- WHAT NEEDS TO BE DONE -
In the entries that follow, the lines from the line containing "Медиапроект включает блог" up to and including the line containing "お手数をおかけしますが、新年" must be copied exactly, with pictures omitted.

- DATA SECTION -
== Segment start ==
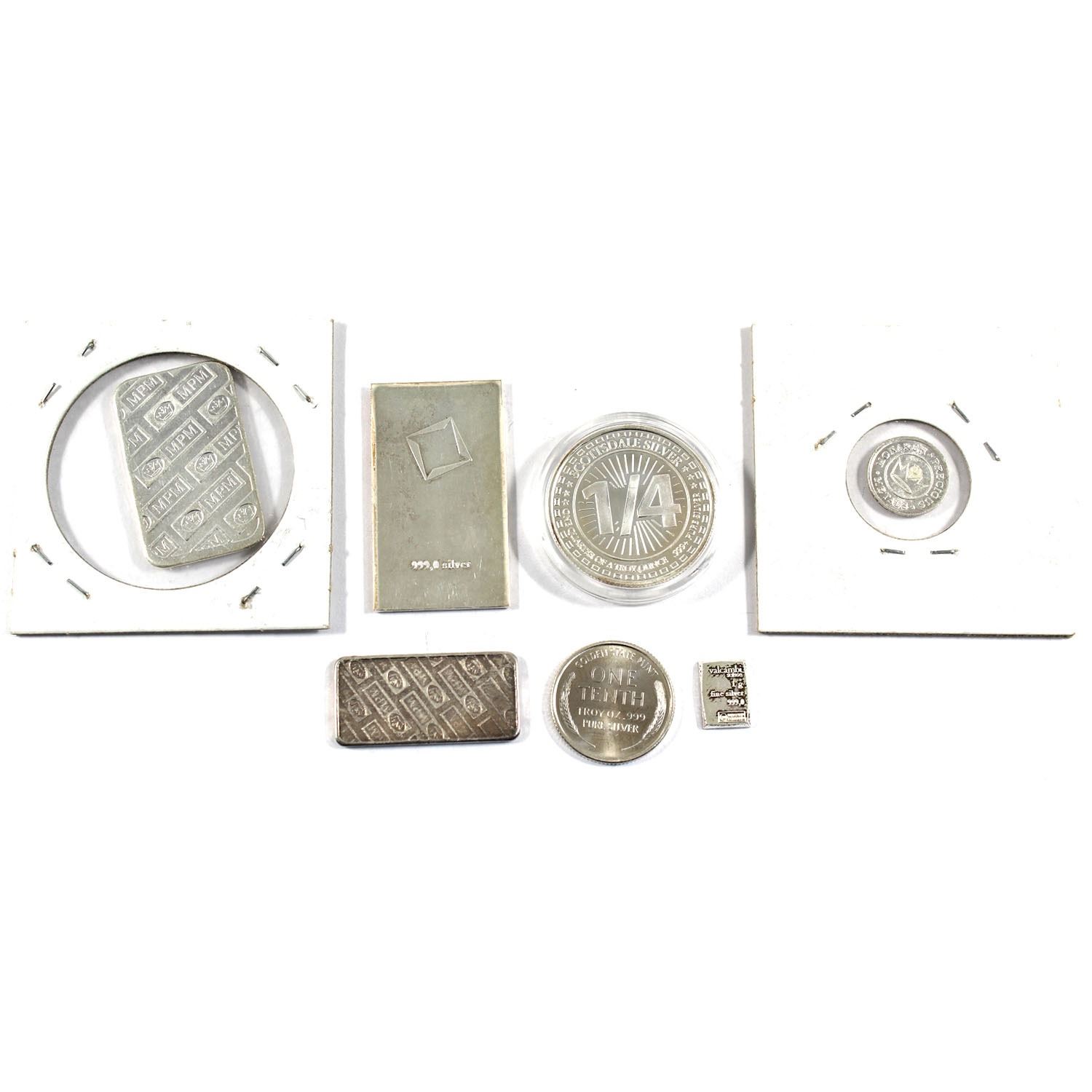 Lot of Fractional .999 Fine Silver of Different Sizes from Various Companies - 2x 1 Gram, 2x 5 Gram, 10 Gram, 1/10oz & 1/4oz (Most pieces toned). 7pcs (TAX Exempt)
== Segment end ==
== Segment start ==
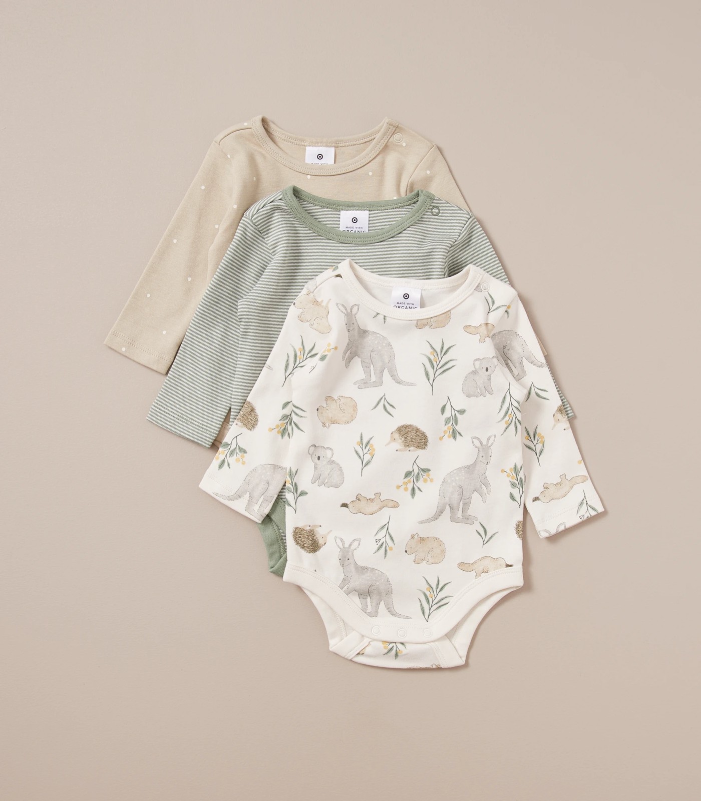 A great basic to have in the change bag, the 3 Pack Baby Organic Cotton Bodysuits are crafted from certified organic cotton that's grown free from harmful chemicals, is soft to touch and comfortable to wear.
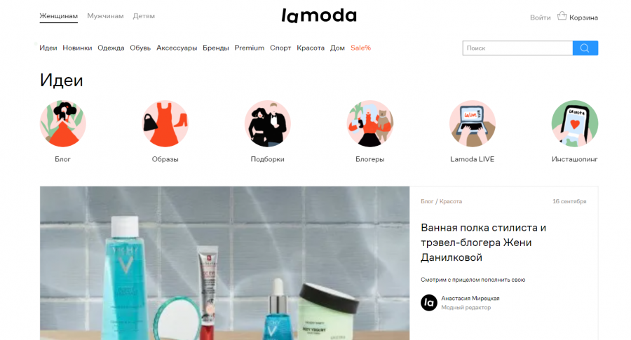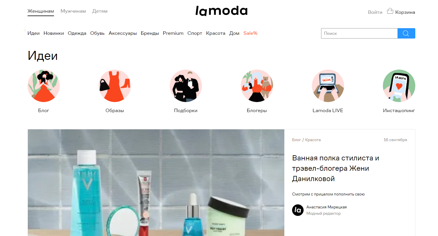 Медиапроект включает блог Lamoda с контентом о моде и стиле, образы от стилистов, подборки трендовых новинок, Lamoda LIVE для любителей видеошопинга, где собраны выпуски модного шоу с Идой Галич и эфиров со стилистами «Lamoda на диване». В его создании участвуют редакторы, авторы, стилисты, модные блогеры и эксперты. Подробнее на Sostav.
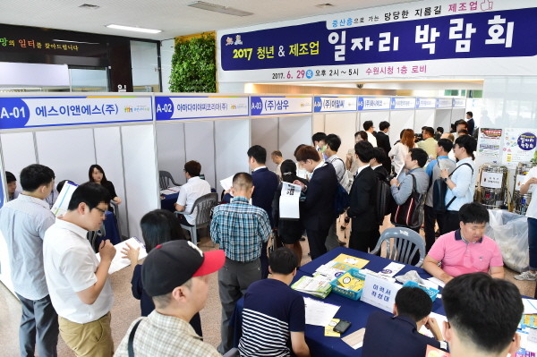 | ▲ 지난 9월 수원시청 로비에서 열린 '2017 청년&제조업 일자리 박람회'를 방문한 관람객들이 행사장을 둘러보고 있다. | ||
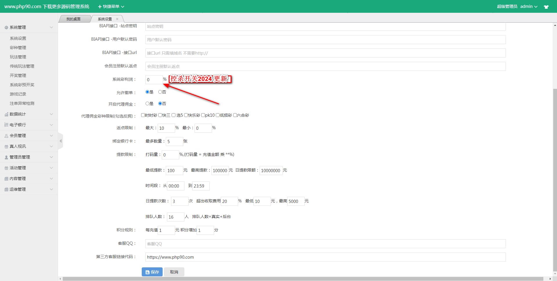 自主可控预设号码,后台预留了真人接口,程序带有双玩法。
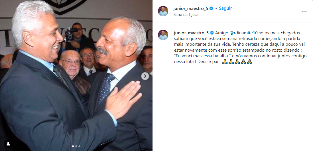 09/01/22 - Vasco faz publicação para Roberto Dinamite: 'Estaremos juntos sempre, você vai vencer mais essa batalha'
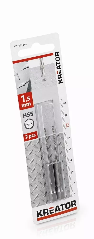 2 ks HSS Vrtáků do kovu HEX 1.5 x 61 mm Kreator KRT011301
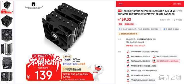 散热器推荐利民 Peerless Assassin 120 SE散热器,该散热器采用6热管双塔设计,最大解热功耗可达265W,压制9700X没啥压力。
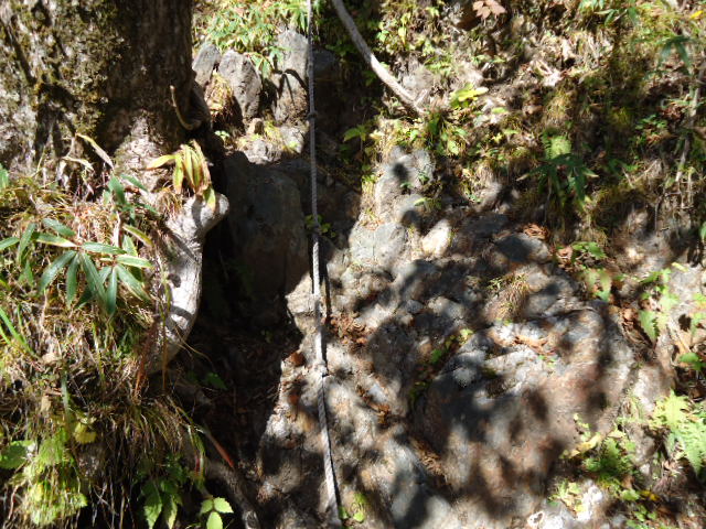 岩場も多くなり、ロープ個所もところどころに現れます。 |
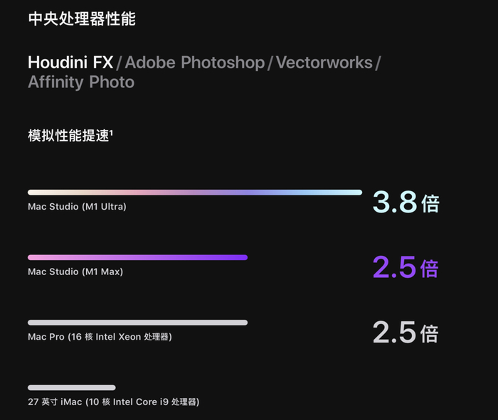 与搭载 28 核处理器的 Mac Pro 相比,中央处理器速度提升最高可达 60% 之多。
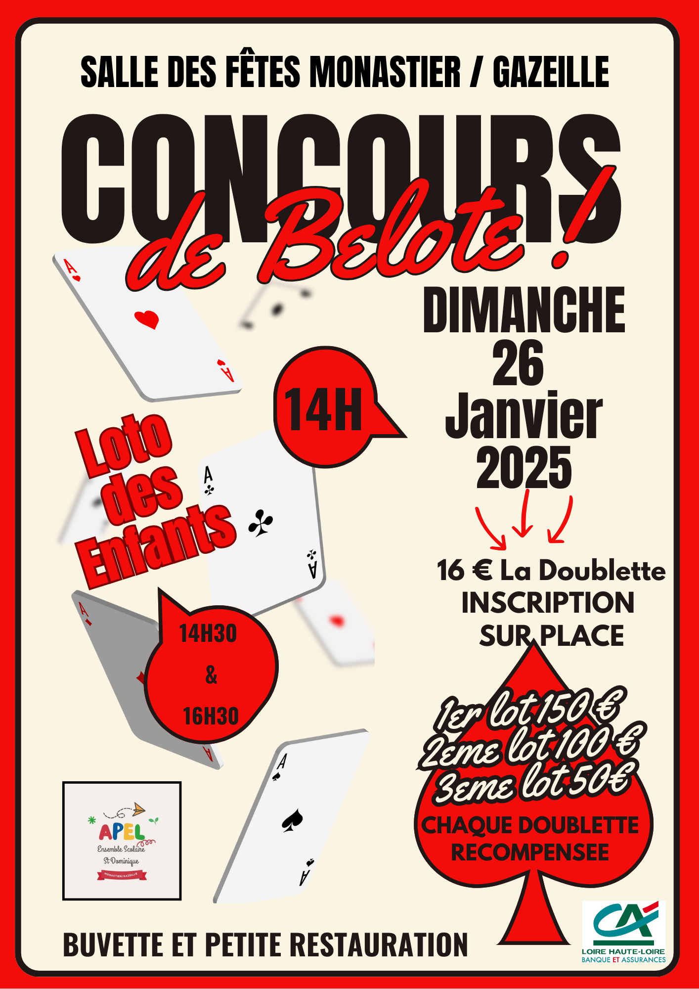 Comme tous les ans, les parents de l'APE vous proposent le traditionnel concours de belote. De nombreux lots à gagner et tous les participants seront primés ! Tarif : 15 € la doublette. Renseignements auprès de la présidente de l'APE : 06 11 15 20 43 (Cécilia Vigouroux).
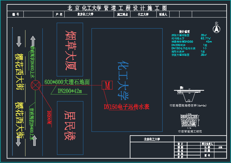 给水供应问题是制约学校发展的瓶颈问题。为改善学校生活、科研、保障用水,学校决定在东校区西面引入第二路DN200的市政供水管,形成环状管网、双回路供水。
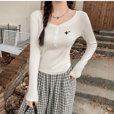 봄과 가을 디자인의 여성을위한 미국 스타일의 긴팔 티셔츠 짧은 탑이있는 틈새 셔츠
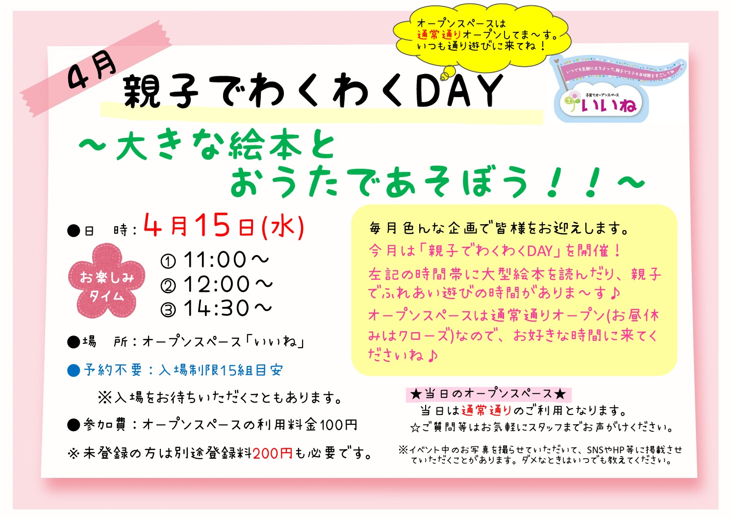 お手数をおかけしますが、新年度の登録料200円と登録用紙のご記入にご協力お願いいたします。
== Segment end ==
- TASK OUTPUT -
 Медиапроект включает блог Lamoda с контентом о моде и стиле, образы от стилистов, подборки трендовых новинок, Lamoda LIVE для любителей видеошопинга, где собраны выпуски модного шоу с Идой Галич и эфиров со стилистами «Lamoda на диване». В его создании участвуют редакторы, авторы, стилисты, модные блогеры и эксперты. Подробнее на Sostav.
 | ▲ 지난 9월 수원시청 로비에서 열린 '2017 청년&제조업 일자리 박람회'를 방문한 관람객들이 행사장을 둘러보고 있다. | ||
 自主可控预设号码,后台预留了真人接口,程序带有双玩法。
 09/01/22 - Vasco faz publicação para Roberto Dinamite: 'Estaremos juntos sempre, você vai vencer mais essa batalha'
 2 ks HSS Vrtáků do kovu HEX 1.5 x 61 mm Kreator KRT011301
 散热器推荐利民 Peerless Assassin 120 SE散热器,该散热器采用6热管双塔设计,最大解热功耗可达265W,压制9700X没啥压力。
 岩場も多くなり、ロープ個所もところどころに現れます。 |
 与搭载 28 核处理器的 Mac Pro 相比,中央处理器速度提升最高可达 60% 之多。
 Comme tous les ans, les parents de l'APE vous proposent le traditionnel concours de belote. De nombreux lots à gagner et tous les participants seront primés ! Tarif : 15 € la doublette. Renseignements auprès de la présidente de l'APE : 06 11 15 20 43 (Cécilia Vigouroux).
 给水供应问题是制约学校发展的瓶颈问题。为改善学校生活、科研、保障用水,学校决定在东校区西面引入第二路DN200的市政供水管,形成环状管网、双回路供水。
 봄과 가을 디자인의 여성을위한 미국 스타일의 긴팔 티셔츠 짧은 탑이있는 틈새 셔츠
 お手数をおかけしますが、新年度の登録料200円と登録用紙のご記入にご協力お願いいたします。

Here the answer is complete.